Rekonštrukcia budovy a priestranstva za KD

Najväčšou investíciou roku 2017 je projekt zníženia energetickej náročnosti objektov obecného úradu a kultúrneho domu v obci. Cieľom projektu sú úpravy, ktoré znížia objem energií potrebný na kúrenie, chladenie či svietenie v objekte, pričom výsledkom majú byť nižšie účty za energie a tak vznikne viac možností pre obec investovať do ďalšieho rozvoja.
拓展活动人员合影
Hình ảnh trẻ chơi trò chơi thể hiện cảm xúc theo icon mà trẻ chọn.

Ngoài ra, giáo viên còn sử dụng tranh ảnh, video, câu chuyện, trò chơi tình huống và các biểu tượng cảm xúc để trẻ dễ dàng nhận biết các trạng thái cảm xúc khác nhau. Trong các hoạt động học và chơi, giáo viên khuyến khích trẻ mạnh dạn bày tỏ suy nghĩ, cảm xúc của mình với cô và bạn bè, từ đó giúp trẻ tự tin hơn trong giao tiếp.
——
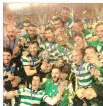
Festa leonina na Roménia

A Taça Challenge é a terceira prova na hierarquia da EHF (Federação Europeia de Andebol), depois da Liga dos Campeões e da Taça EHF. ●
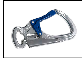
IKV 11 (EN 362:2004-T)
——
Exercise goal: Throughout the material above, report each line holding the word "chơi".

The answer:
Hình ảnh trẻ chơi trò chơi thể hiện cảm xúc theo icon mà trẻ chọn.
Ngoài ra, giáo viên còn sử dụng tranh ảnh, video, câu chuyện, trò chơi tình huống và các biểu tượng cảm xúc để trẻ dễ dàng nhận biết các trạng thái cảm xúc khác nhau. Trong các hoạt động học và chơi, giáo viên khuyến khích trẻ mạnh dạn bày tỏ suy nghĩ, cảm xúc của mình với cô và bạn bè, từ đó giúp trẻ tự tin hơn trong giao tiếp.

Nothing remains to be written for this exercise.